About this exercise:
Output the line that contains "Heart Knit Women's" together with each line after it, through the final line of the listing below, word for word; omit pictures.

Data segment:
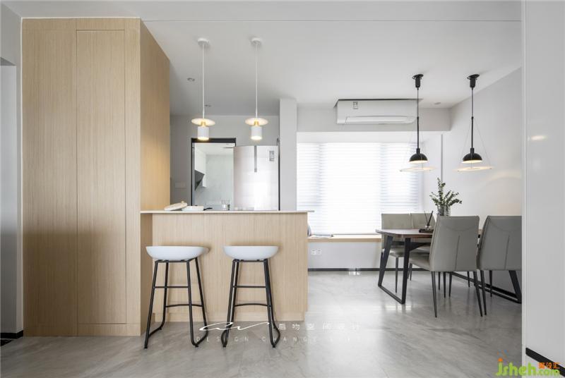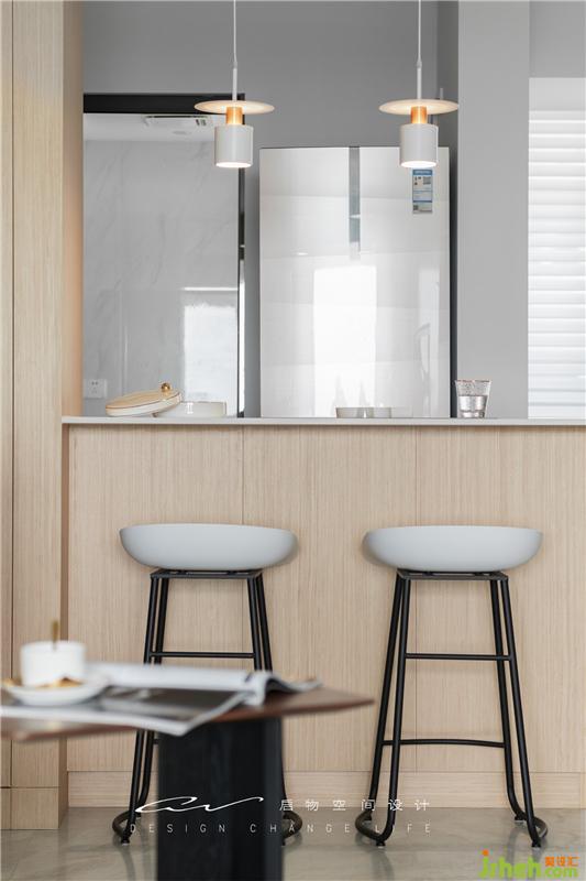 吧臺(tái)這塊原本是廚房實(shí)墻改造后作為西廚區(qū)。
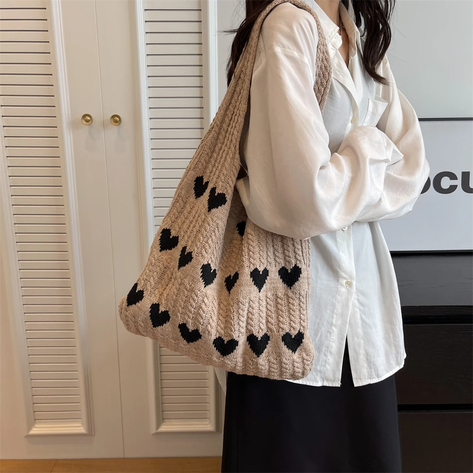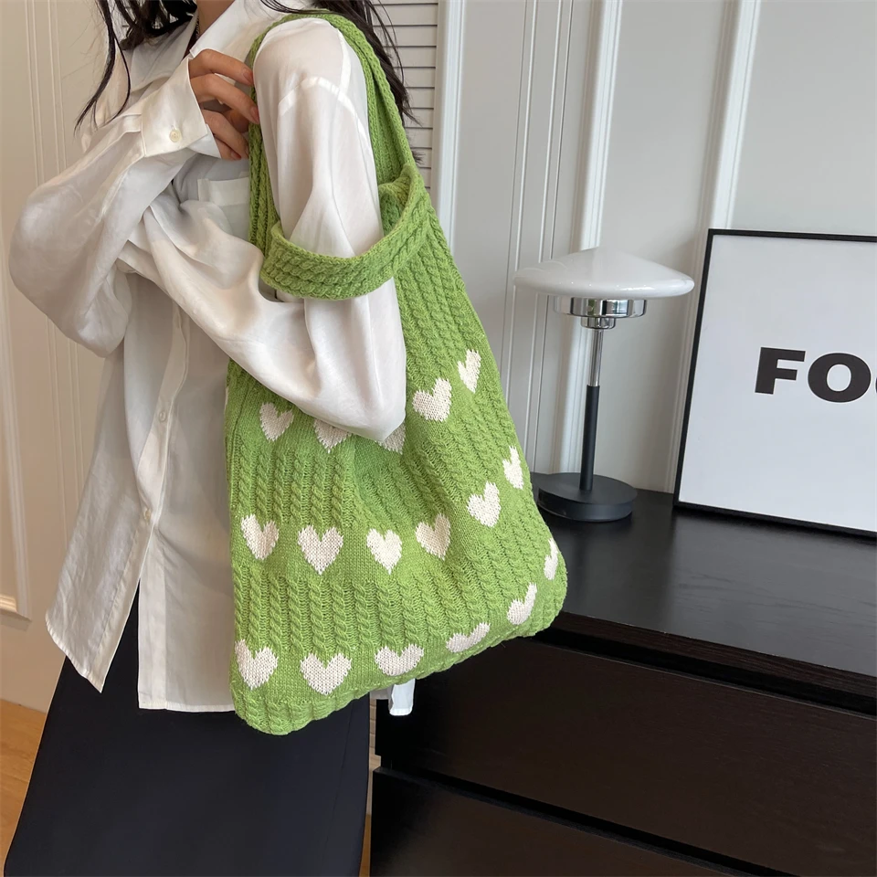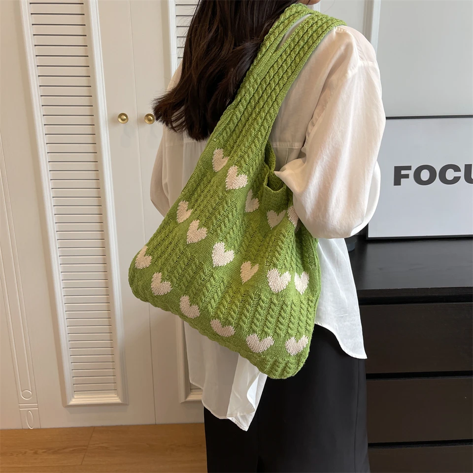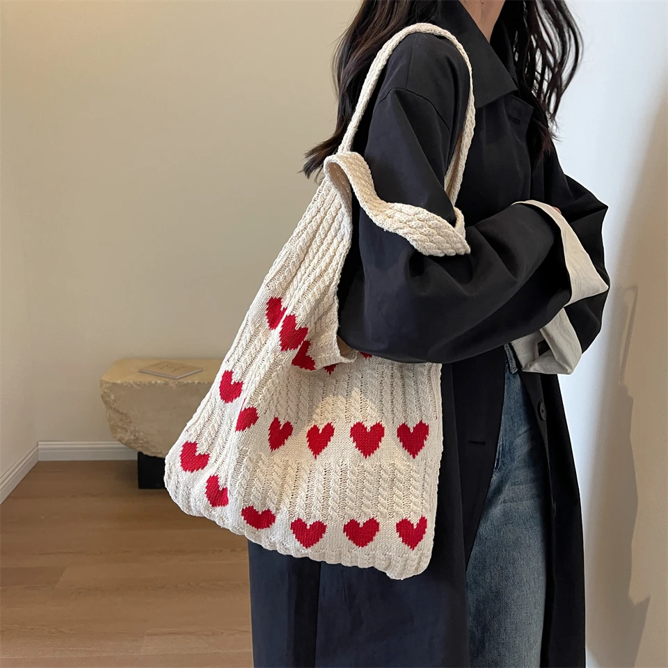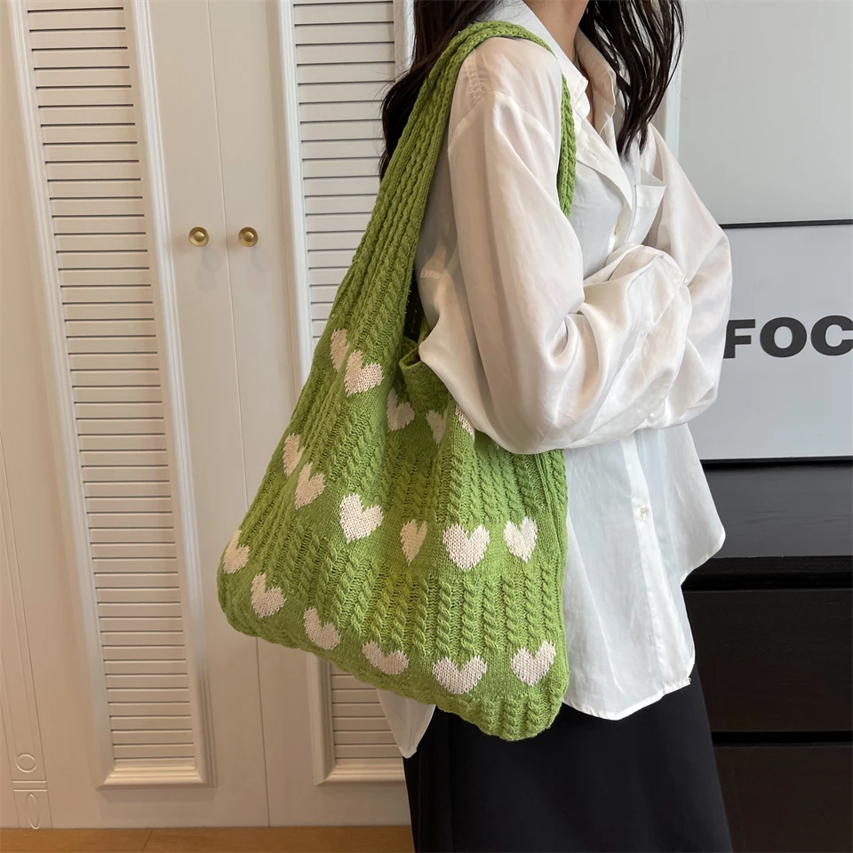 Heart Knit Women's Bag Knitted Eco Bag Korean Fashion Shopping Y2K Crochet Rope Shoulder Bag Female Knitting Handbag Tote Bags
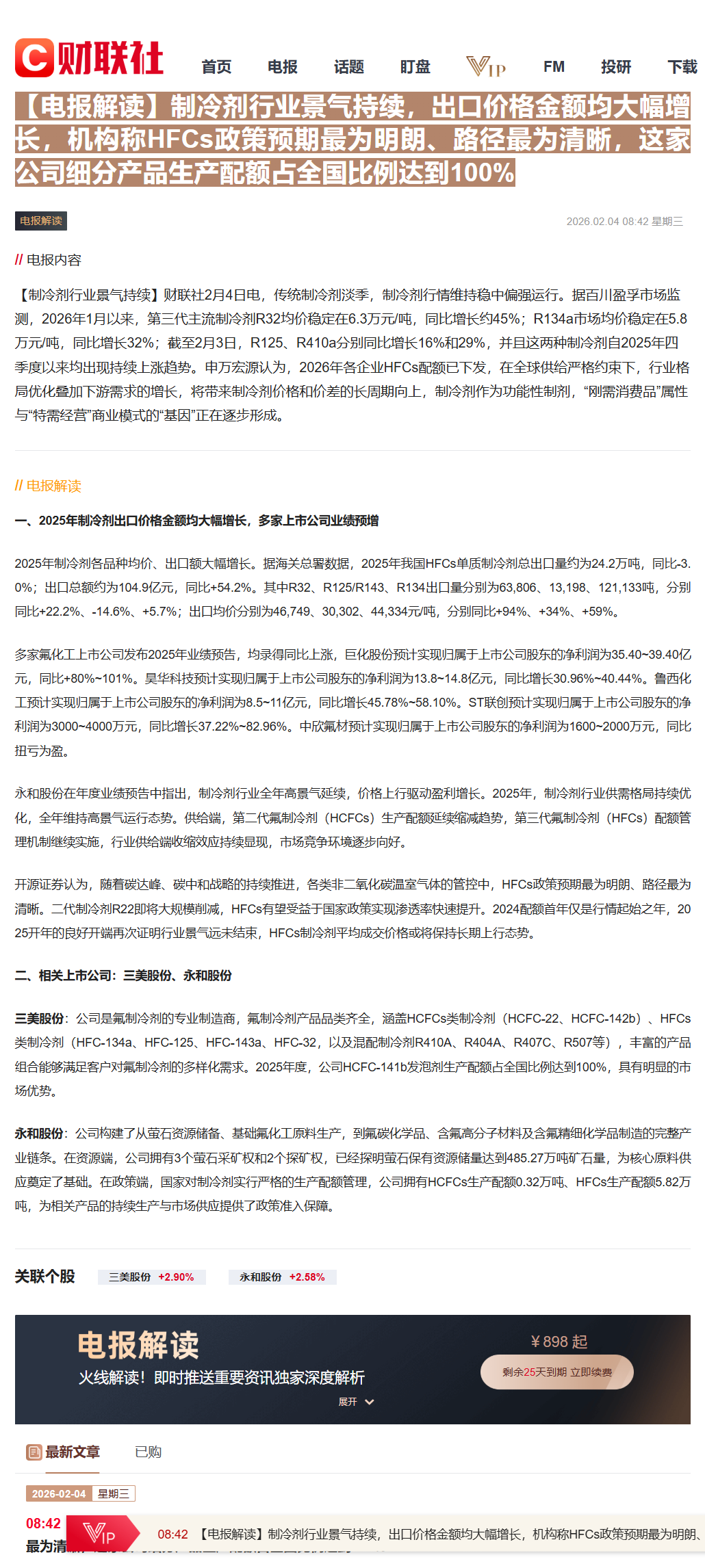 CLSMA to 财联社 10合一 实时滚动更新中文 · 14 hours ago08:42【电报解读】制冷剂行业景气持续,出口价格金额均大幅增长,机构称HFCs政策预期最为明朗、路径最为清晰,这家公司细分产品生产配额占全国比例达到100%imagemessage-square0linkfedilinkarrow-up11arrow-down10

The completed task:
 Heart Knit Women's Bag Knitted Eco Bag Korean Fashion Shopping Y2K Crochet Rope Shoulder Bag Female Knitting Handbag Tote Bags
 CLSMA to 财联社 10合一 实时滚动更新中文 · 14 hours ago08:42【电报解读】制冷剂行业景气持续,出口价格金额均大幅增长,机构称HFCs政策预期最为明朗、路径最为清晰,这家公司细分产品生产配额占全国比例达到100%imagemessage-square0linkfedilinkarrow-up11arrow-down10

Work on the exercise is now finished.